Sport has a very different, unregulated type of autonomy. There is no “College of Coaches” and, for the most part, each sport organization has a responsibility for governing and disciplining itself. There is no overall standard of learning, code of practice or code of conduct. Of course, autonomy has limits. Complete autonomy is not possible, although sport has attempted to make it so. For example, the European Union offers sports bodies a degree of supervised autonomy. They can exercise their autonomy as long as “they are respectful of European law and demonstrate a clear commitment to transparency, democracy, and the protection of the values of sport”.[5] However, if sport organizations had successfully practiced this form of responsible autonomy (where organizations responsibly practice good governance ­­– transparency, accountability and democratic decision making), a supervised autonomy (where the autonomy of sport is monitored by, in this case, the European Union) would not be necessary.

Headlines for the past 40 years or more have shown that sport organizations have been remarkably effective at increasing standards of athletic performance, and at organizing themselves in ways that appeal to corporate sponsors, mass media organizations and fans. At the same time, sport organizations have been remarkably incompetent at governing and disciplining themselves. While cover-ups exist at every level of sport, here are a few examples of this troubling behaviour:

Figure 4.1 Examples of “Troubling” Sport Organization Governance and Practices

[Image description]

In 2000, British journalist and activist Sunder Katwala wrote, “It is difficult to think of anything that is so badly governed as international sport.”[6] He wrote this as part of his scathing review of the global sporting industry, from bidding scandals during the Olympic Games to doping charges in the Tour de France (an annual multiple-stage men’s cycling road race).

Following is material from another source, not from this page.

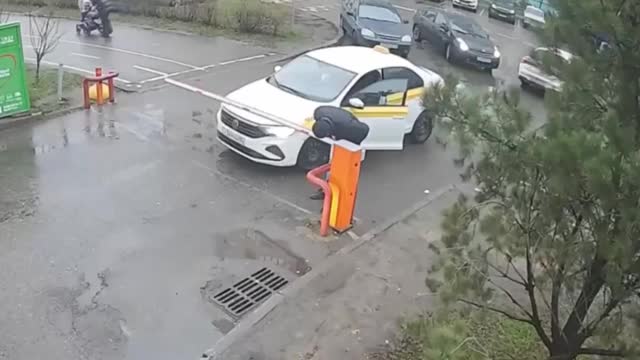 CCTV footage shows the cabbie leaning onto the boom gate to check what was wrong with the mechanism before ripping it off in Krasnogorsk, Russia. 2025-12-04 13:59:57

Following the corruption scandals associated with Salt Lake City’s bid for the 2002 Winter Olympics, researchers and investigative journalists began to pay increasing attention to governance in sport organizations. Their investigations frequently confirmed Katwala’s (2000) claim about the poor level of governance. Play the Game (PtG), a Danish-based sport advocacy organization, developed the Cologne Consensus (2011), one of the first steps toward a global code for good governance in sport. PtG followed by establishing a unit on Action for Good Governance in Sport[7] which, in turn, developed the Sport Governance Observer— a measurement tool to determine whether sport organizations were governed in ways that were transparent, accountable, and followed democratic principles.


Case Study:
Play the Game

The Play the Game logo

Play the Game is an initiative supported by the Danish Institute of Sport Studies, an independent research centre set up by the Danish Ministry of Culture in 2004.

Check out their website to learn more about Play the Game (PtG) including its mission, vision and values, and activities with the Council of Europe, UNESCO, and the European Union (EU).

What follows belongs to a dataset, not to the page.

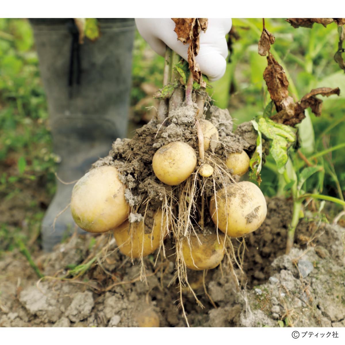 さて、ジャガイモは葉が枯れだしたら収穫のサインです。天気のいい日が3日くらい続いて、土が乾き気味のときに掘り出しましょう。まずは、おいしい新ジャガを味わいましょう。

Rigorous reports are also generated by the centre – here are some to review:

Watch an interview about Play the Game with Dr. Arnout Geeraert.

Video 4.1 National Sports Governance Observer: Play the Game

Video provided by Play the Game. Used with permission. [Transcript]

Governance and Challenges to Autonomy

Finally, autonomy is under threat! So, what happens next?

As students of sport management are well aware, governance of national and international sport organizations has changed dramatically in the last 50 years. The former system of amateur sport became politicized during the Cold War, leading countries into a “sporting arms race” based on winning Olympic Games and World Championship medals (see Chapter 2 where political forces influencing the origin of modern sport and the struggle for safe sport are addressed).[8] The growth of sponsorship and global media communications helped to commercialize this politicized sport into what we see now as a global “sportainment” industry. Governance shifted from the kitchen tables of amateur sport to a more professionalized model, with sport receiving both government and sponsor funding in many countries. However, despite accepting public (government) funding, sport organizations continued to assert their autonomy.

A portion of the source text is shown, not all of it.